One or more instructions can be enclosed within round brackets "(...)" that delimit a block. Enclosing instructions in blocks is useful for evaluating the end result of the instructions in the block, not the individual results of each instruction. For example:

- A & B | C - The expression is true if A is true and B is true, or C is true. The evaluation of the expression stops if A and B are true, otherwise it continues by analyzing C. Also if A is false the analysis stops with false as well.

- A & (B | C) - The expression is true if A is true and B or C is true. Evaluation of the expression stops if A is false, or continues by entering the instruction block, evaluating B, stopping if B is true, or continuing with the evaluation of C.

THE SHORT CIRCUIT

If logical operators are used explicitly, expressions are interpreted using the SHORT CIRCUIT technique. This means that if the part already interpreted provides a value that is useful to satisfy the whole expression, the part to be interpreted will be ignored and the circuit will end. For example:

- A | B - If A is true, B is not evaluated, since the expression would give a true result anyway.

- A & B - In this case both A and B must have a true value to satisfy the expression, so the whole expression is evaluated if A is true. Otherwise, if A is false, it breaks, since even evaluating B would still result in the expression being false.

SHORT CIRCUIT AND IMPLICIT "AND"

In expressions where you don't explicitly specify the & (AND) operator, short-circuiting is not applied. For example:

- A B - The expression is evaluated in both A and B, even though A is false. At the end if A and B are true the expression will be true.

- A & B - In this case we explicitly used AND operator. If A is false B is not evaluated, because it activates the short circuit which considers the expression false anyway.

SHORT CIRCUIT AND FLAG INSTRUCTIONS

Biblos language has special instructions (flag and index) which, when executed, perform specific actions. These instructions are executed only if they are reached by the expression interpreter. Since they are instructions contained in the same line of code to be interpreted, the short-circuit system may prevent their execution.

If flag or index shift instructions are used, it is useful to use parentheses to enclose the instructions to be parsed by short-circuiting, and to put the flag or index instructions outside the parentheses.
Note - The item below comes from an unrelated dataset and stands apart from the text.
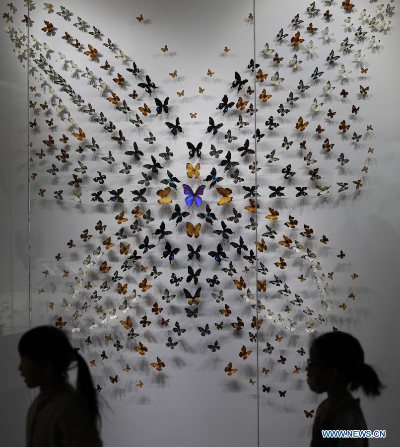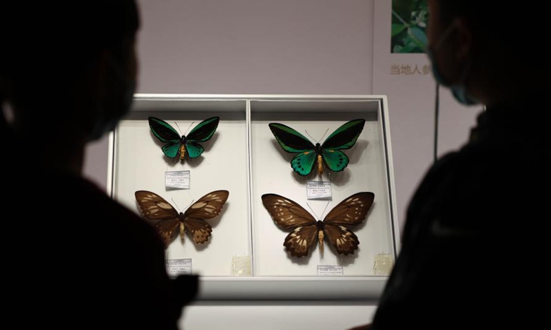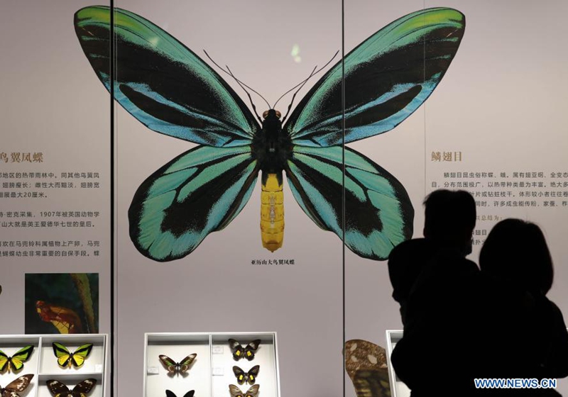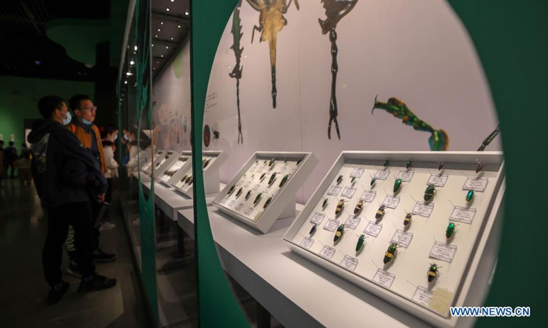 Visitors view insect specimens at the Shandong Museum in Jinan, east China's Shandong Province, Jan. 29, 2021. An exhibition featuring rare insect specimens kicked off here on Friday, with over 1,000 pieces of insect specimens from more than 30 countries and regions. (Xinhua/Zhu Zheng)

ANALYSIS INDEX AND INSTRUCTIONS

Consider that Biblos parses text using an index variable. Instructions satisfy their conditions (true or false) by reading the text through this special variable. In many instructions you have to specify values. The instruction will use the index variable to check if this value satisfies the text where the index is located. Each instruction always returns a unary Boolean value (true or false). It will return true if text and value satisfy, false otherwise.